Ravi Teja Sharma, ET Bureau Aug 5, 2014, 09.44AM IST | Economic Times
NEW DELHI: Despite an increase in the interest exemption limit on residential loans in the budget, a little-known provision in the Income Tax Act could mar the calculations of lakhs of buyers whose homes won’t be delivered by their builders on time.
The I-T Act says if a house to be used by the buyer is not handed over the by the builder “within three years from the end of the financial year in which capital was borrowed”, the exemption on the interest amount will only be Rs 30,000 and not Rs 2 lakh, raised from Rs 1.5 lakh in the budget.
Of the nine lakh homes — across the country — delayed by builders, 70 per cent or around 6.3 lakh have been funded through loans, according to property research firm Liases Foras. Mortgage-based tax breaks figure prominently in most calculations by middle class home buyers, who factor in the exemption to arrive at how much will their net outgo on a home loan will be every year, point out tax planners.

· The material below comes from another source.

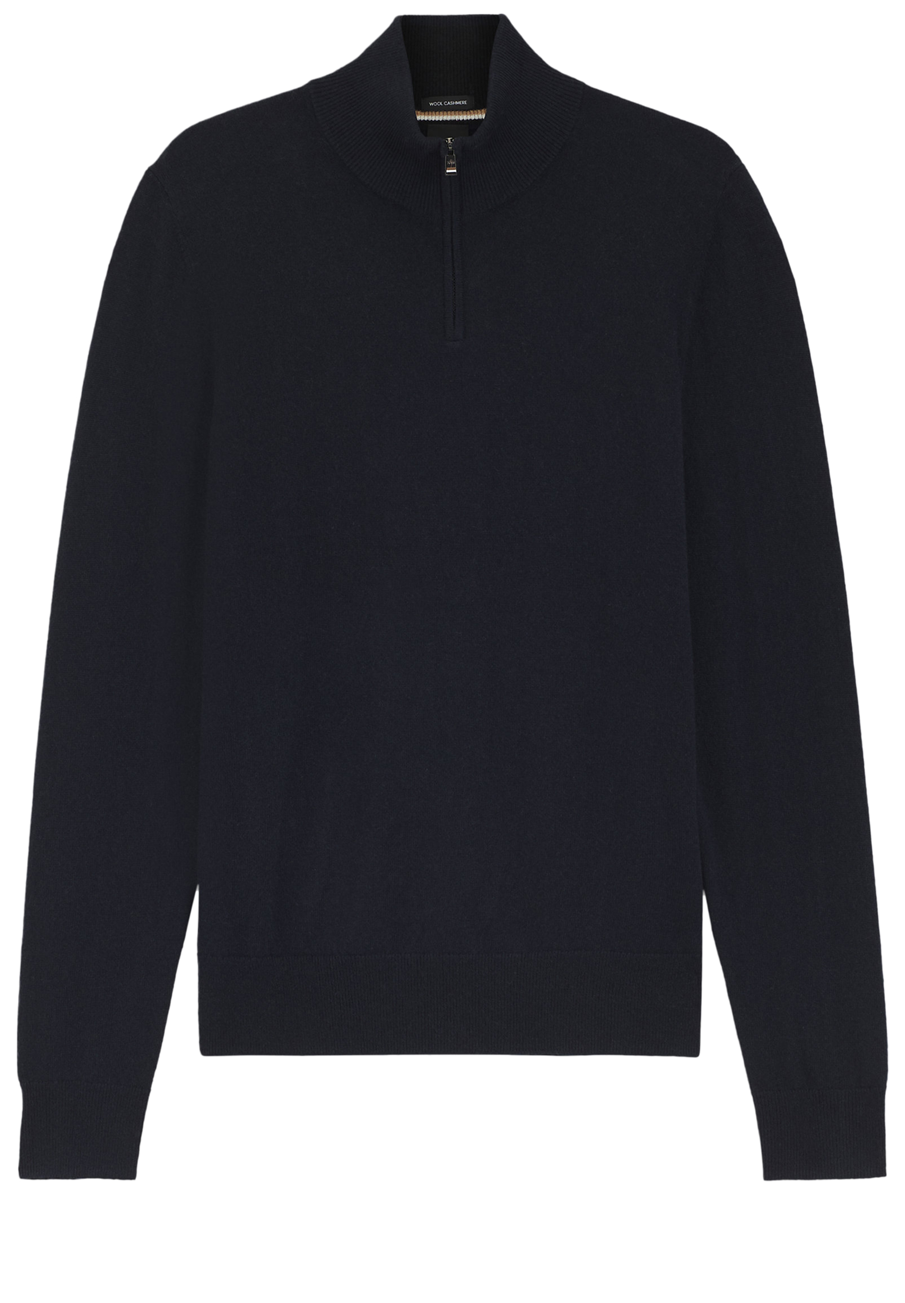 Der gerade geschnittene BOSS Pullover aus einem Woll-Mix mit Kaschmir-Anteil ist ein luxuriöser Layer. Troyerkragen mit kontrastfarbener Innenseite.

Telecom professional Vikram Bishnoi, for instance, bought an apartment in Gurgaon in 2010 that should have been ready by the end of the next year but hasn’t been delivered yet. As possession has been delayed by the builder, Bishnoi said he won’t be able to claim full exemption on the interest component of his home loan.

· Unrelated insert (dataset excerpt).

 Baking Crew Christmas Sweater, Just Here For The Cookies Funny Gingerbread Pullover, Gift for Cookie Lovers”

On his Rs 47 lakh loan and based on the new exemption limit of Rs 2 lakh, his loss because of the delay will be around Rs 50,000 every year through the loan tenure of 20 years. This is unfair to home buyers, said a tax expert.

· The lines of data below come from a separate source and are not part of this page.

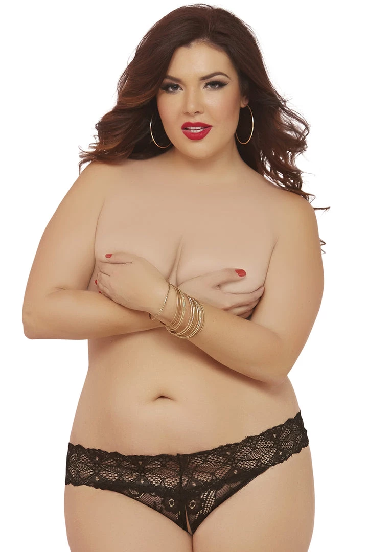 Create a tantalizing surprise in these Black Crochet Lace Split Crotch Thong panties featuring a black crochet lace split crotch thong with thick stretch waistband.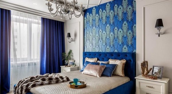Отличное решение в небольшой спальне — заполнить акцентную стену у изголовья кровати геометрическим принтом. Это преобразит комнату и визуально расширит пространство. Плюс метода в том, что стена находится у изголовья, и она не будет рябить в глазах и обращать на себя внимание при пробуждении.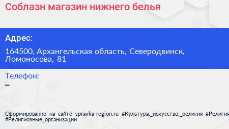 Соблазн, магазин нижнего белья по адресу 164500, Архангельская область, Северодвинск, Ломоносова, 81 в дальнейшем Организация, размещена в следующих категориях:
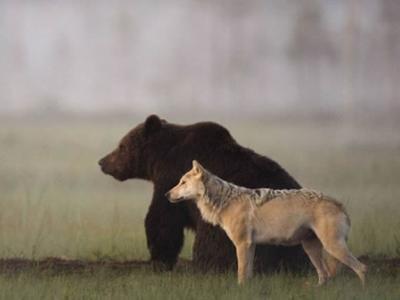 芬兰北部郊野一头雌性灰狼同一头雄性棕熊成好友 芬兰北部郊野一头雌性灰狼同一...

“If the government’s intention is to give a benefit to people who have taken a home loan for buying a new house, why penalize them for a delay that they do not have a control over,” said Sonu Iyer, partner, tax and regulatory services at consultancy firm EY.
The act should be amended as people could conceal information either deliberately or by mistake, said Anshuman Magazine, managing director of property consultancy firm CBRE South Asia. The assessing officer could deny the exemption if the return comes under scrutiny, said a senior official at the income tax department.
“This could be a big setback for the person as it could be a substantial liability,” he said, asking not to be named. Most people buying homes with loans are unaware of the provision and claim exemption based on the highest limit prescribed by the government, which was Rs 1.5 lakh until the last financial year. This could be risky affair, said Pankaaj Maalde, head, financial planning, ApnaPaisa. com.